Laraque today alleged that Boogaard’s team, the New York Rangers, handled him poorly and lobbed heavy accusations towards the team and coach John Tortorella regarding Boogaard’s ability to contribute with the team.
Etienne Laberge of Sun Media has the story from an upset Laraque.
“He was cleared to play at the end of the season and the team just told him to take the rest of the year off,” Laraque told NHL HOME ICE on SiriusXM Radio. “You know how much pressure that puts on a guy? He was ready to play with the contract he had and the team says, ‘It’s OK, just take the rest of the year off.’ On top of that, he told me his coach was not a big fan of him.
“I don’t want to insinuate anything that happened and the cause (of his death) or whatever but I would have been frustrated if I was in that situation. The fact he was inactive so long and those two incidents happened, it clearly didn’t help him.”

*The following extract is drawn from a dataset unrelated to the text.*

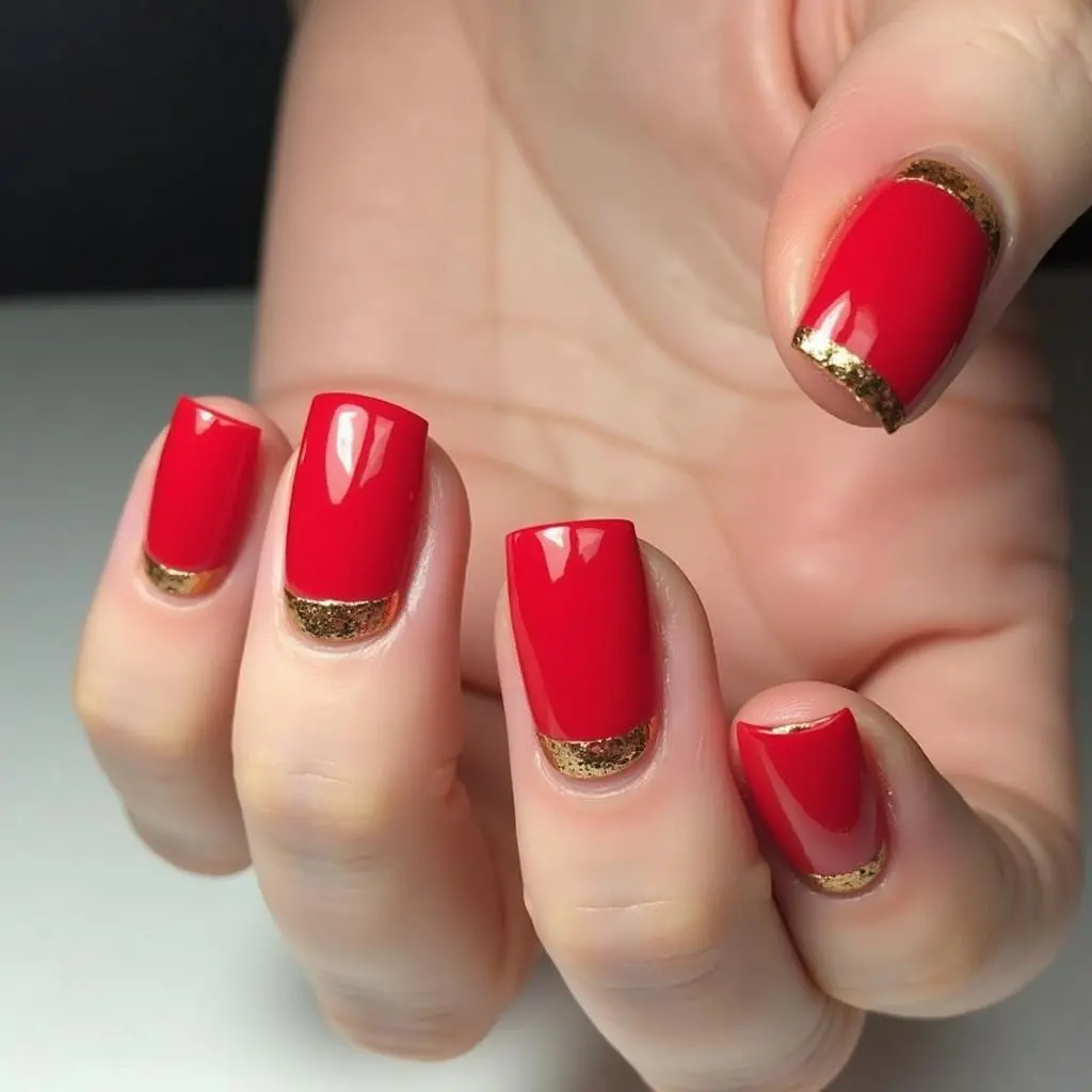 A bold red base paired with gold tips creates an elegant, festive look. The gold accents add just the right amount of sparkle, making this design perfect for Christmas parties.

That’s a hefty accusation towards the Rangers who signed Boogaard to a four-year, $6.6 million contract before last season. If Boogaard was indeed healthy and eligible to return, the Rangers telling him to stay home makes the signing all the more questionable. As for why the Rangers may have sent him home, Laraque says that Tortorella did not think much of Boogaard as a contributor on the team.
“He told me John didn’t really like him as a player,” Laraque said. “I don’t know what John thought or what he said.
“All I know is that Derek told me he was cleared to play, to come back, that he wanted to play and the team told him to take the rest of the year off, to get ready for next year. He didn’t tell me who told him that, he just told me the team said that.”
If that’s the case it’s highly unfortunate and while we won’t know what caused Boogaard to pass away at the age of 28 for another couple weeks at most, these sorts of accusations aren’t likely to be met well by the Rangers.
Everyone is hurting here. Laraque is hurting because he lost a dear friend and the Rangers are hurting because Boogaard was a valued member of the organization off the ice at the very least. Sometimes when things like this happen and people are in pain, the accusations start going around during the grieving process.
The other side of this is just how useful is an enforcer when a team is desperate to make the playoffs? That’s the position the Rangers were in towards the end of the season and despite Boogaard having scored a goal this year, his role was very simple and one that didn’t demand many minutes on the ice. With how tight ice time was for the Rangers at the end of the year, it’s possible that Boogaard wouldn’t see the ice even without an injury anyhow.
Still, it’s a sad time for all those involved and this kind of drama is tough for all to take. Let’s hope that there’s nothing to be had here and it’s just the tough words of a heartbroken friend and colleague sounding off in frustration.